Oh so SIMPLE Posted January 8, 2011 Posted January 8, 2011 Do the prohibitions on lifetime caps on benefits, and the phasing out of annual caps on benefits, of PPACA '10 apply to MERPs, HRAs, and FSAs? All three limit benefits based on a dollar amount. For example, a MERP might limit the employer's reimbursement of medical expenses, for example, to $7,500 per year. Is that an annual limit that will now be prohibited under Obamacare, meaning that the employer's obligation to reimburse must now be unlimited?
Guest Leo the Lion Posted January 20, 2011 Posted January 20, 2011 See the Preamble to the Interim Final Rules published in Federal Register June 28, 2010 at page 37190-37191. It provides that the annual/lifetime dollar limit rule does not apply to FSAs, HSAs or MSAs nor to a ‘retiree-only’ HRA. The annual/lifetime dollar limit rule also does not apply to an HRA that is ‘integrated with other coverage as part of a group health plan’ where that other coverage, by itself, would not violate the rule against annual dollar maximums. Finally, the agencies requested comments from the public regarding the application of the annual/lifetime dollar limit rule to ‘stand-alone HRAs that are not retiree-only plans.’ I infer from that last piece that the government has not (yet) concluded that stand-alone HRAs for active employees will be subject to the rule against annual/lifetime dollar limits; stay tuned.
leevena Posted January 20, 2011 Posted January 20, 2011 Leo is correct. I am somewhat concerned that the HSA model may not survive, but since the last election, it might stay. Just waiting for final.
JCJD Posted March 1, 2011 Posted March 1, 2011 I realize the agencies have asked for comments on stand alone HRAs - has anyone heard of any forthcoming guidance? And, withouht any subsequent guidance, are any companies adding this kind of HRA now despite the possible issues?

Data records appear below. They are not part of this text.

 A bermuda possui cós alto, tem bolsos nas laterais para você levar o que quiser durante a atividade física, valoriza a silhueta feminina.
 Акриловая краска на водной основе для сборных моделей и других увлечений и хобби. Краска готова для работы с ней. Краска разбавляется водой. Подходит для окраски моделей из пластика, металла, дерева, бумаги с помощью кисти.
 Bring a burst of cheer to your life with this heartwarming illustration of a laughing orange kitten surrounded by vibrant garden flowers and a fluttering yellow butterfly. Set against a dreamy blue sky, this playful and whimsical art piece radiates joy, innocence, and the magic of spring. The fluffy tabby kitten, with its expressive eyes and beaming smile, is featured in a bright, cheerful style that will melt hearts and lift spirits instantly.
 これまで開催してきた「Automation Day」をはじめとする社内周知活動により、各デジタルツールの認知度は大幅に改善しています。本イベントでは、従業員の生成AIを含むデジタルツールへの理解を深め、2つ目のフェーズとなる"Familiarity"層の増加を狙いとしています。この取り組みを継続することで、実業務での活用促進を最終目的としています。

MARYMM Posted March 1, 2011 Posted March 1, 2011 Leo is correct. I am somewhat concerned that the HSA model may not survive, but since the last election, it might stay. Just waiting for final. Just curious about why you think it may not survive. I need to write to my congresscritters about the disconnect between HSA eligiblity rules for dependents and the new coverage rules for dependents under PPACA. We only offer HDHP/HSA here . I like it, it works for me. I 've contributed the max each year and take advantage of the investment options our provider offers. And I've been fortunate to have good health - knock wood. But a single parent who covers their 24 year old kid gets bumped from a $1500 deductible to $3000 then can't use any of the money in their HSA to pay for the kid's expenses. That is a hardship for some employees.

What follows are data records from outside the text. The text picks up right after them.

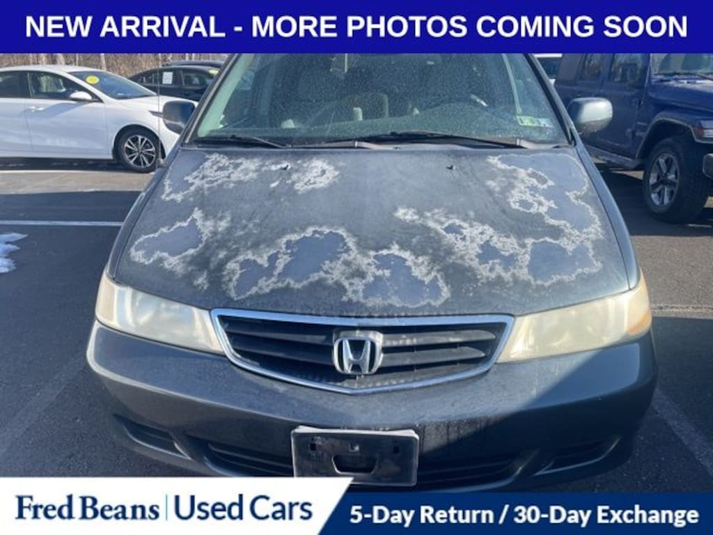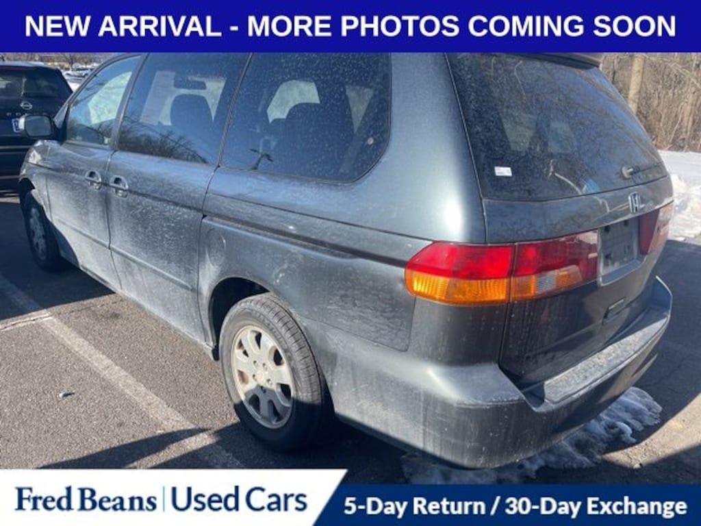 2003 Honda Odyssey EX 3.5L V6 SMPI SOHC 5-Speed Automatic with Overdrive FWD 4D Passenger Van Sage Brush Pearl Local Trade, Great Service History, AS-IS Vehicle, 16" x 6.5" Silver Alloy Wheels, AM/FM Stereo w/CD Player & 6 Speakers, Front Bucket Seats, Steering wheel mounted audio controls, Variably intermittent wipers.
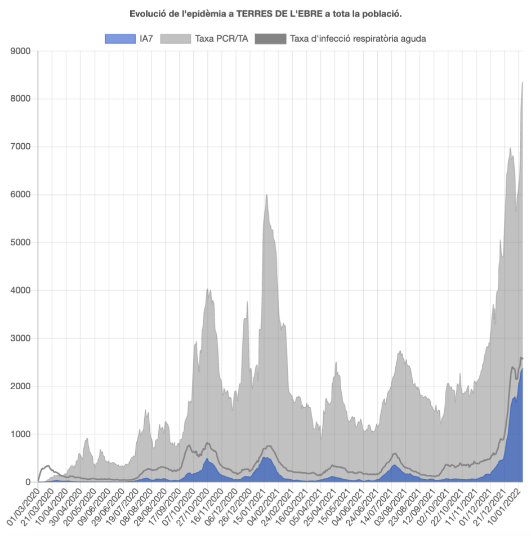Entre el 10 i el 16 gener, que és l’última setmana de la qual es tenen dades fiables, es van registrar 4.292 casos, més que la setmana anterior, quan se’n van detectar 3.460. Per comarques, el Baix Ebre ha registrat l’última setmana 1.864 positius, el Montsià 1.838, la Terra Alta 259 i la Ribera d’Ebre 326.
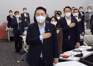 16 June 2022, South Korea, Seongnam: South Korean President Yoon Suk-yeol (C) salutes the national flag during a meeting on his government's economic policy directions, at Pangyo Techno Valley in Seongnam. Yoon said his government will pursue economic p - -/YNA/dpa
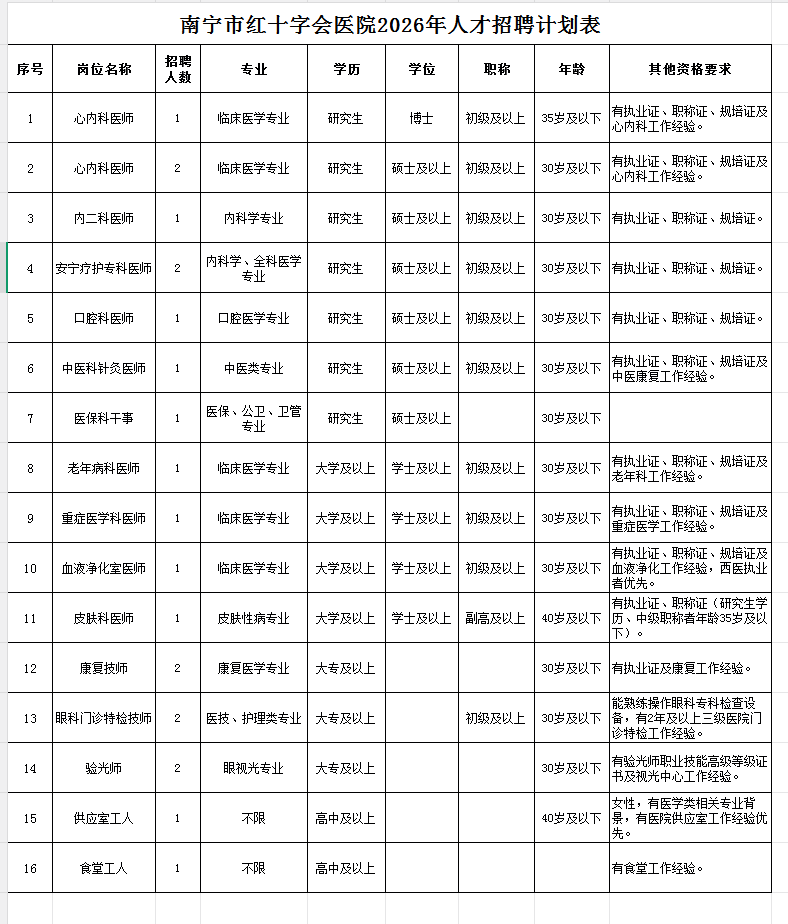 南寧市紅十字會醫(yī)院2026年人才招聘計劃表
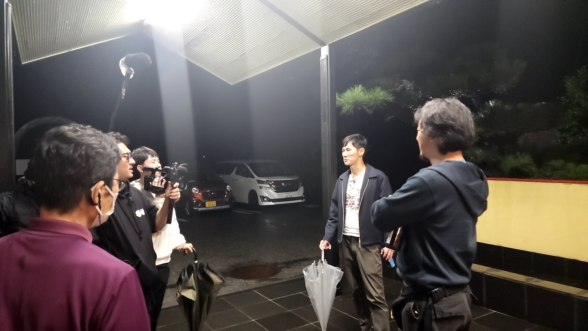 小さな入口の前で入る人のために傘を差す石丸さん。常々気配りのできる素敵な人です。
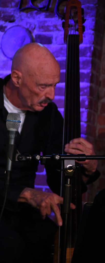 In “another pretty one” (like “Gymnopedie”) as Pete promised, the sweetly tuneful original “Fade to Blue” rode a cozy Pete piano vamp that LaBarbara used as launching pad for bold explorations. Then they punched up the energy in “Bringing It Down to the Bass,” alternatively “Bringing It Down to Laid-Back Lee,” echo of an earlier title for this original. They made maximum fun of this cheerfully self-confident freeway funk number.
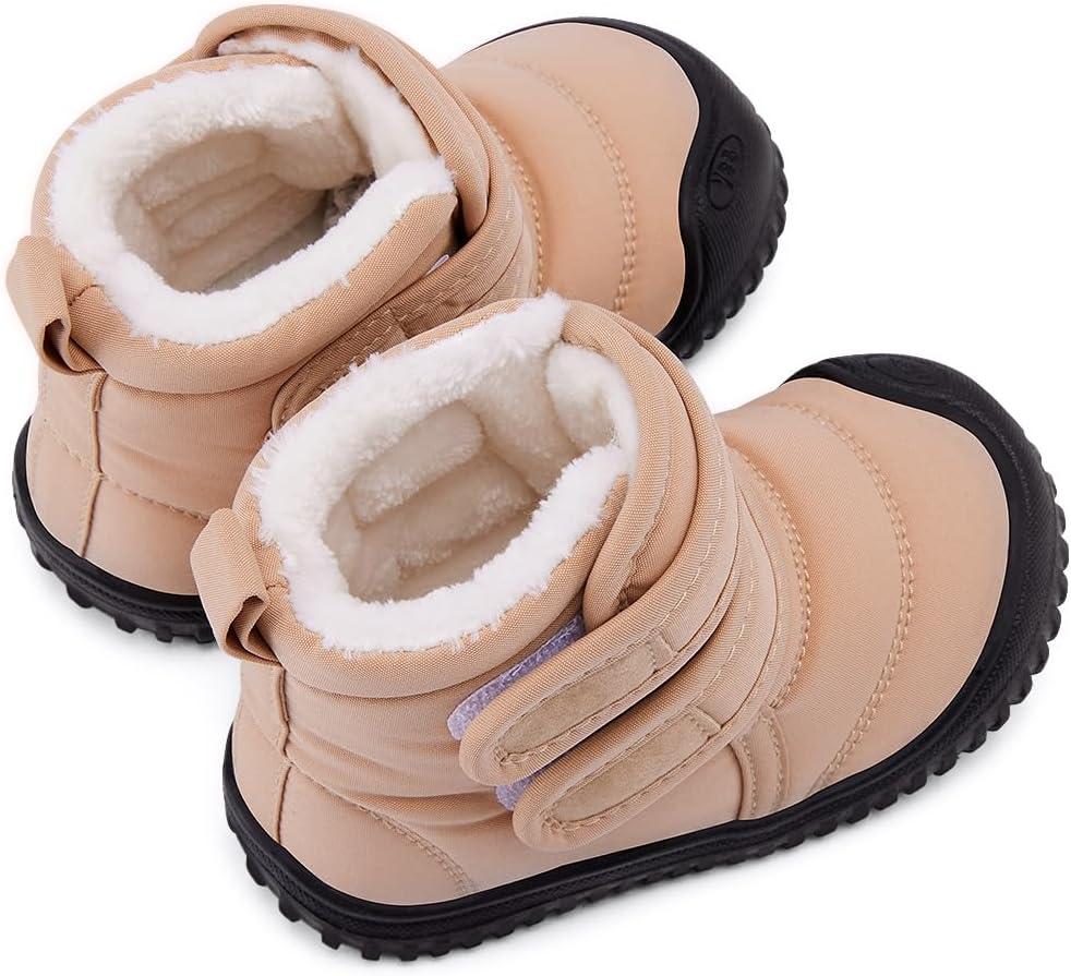 BMCiTYBM Toddler Baby Snow Boots Winter Shoes Boys Girls Cold Weather Baby Faux Fur Shoes(Two Strap Camel)

leevena Posted March 1, 2011 Posted March 1, 2011 As with any law/regulation, the devil is in the details and interpretation/implementation. The Healthcare Reform legislation did not do away with these plans. The most obivous impact is; 1) the loss of OTC drugs as a qualified expense, 2) increase of non-qualified withdrawls penalty from 10% to 20%, and 3) loss of hardship withdrawl. What does concern me though is how HHS interprets and implements the provisions pertaining to actuarial value, MLR's, and essential benefits. The actuarial value (60% of costs to cover claims) is the one that worries me the most. Hope this explains.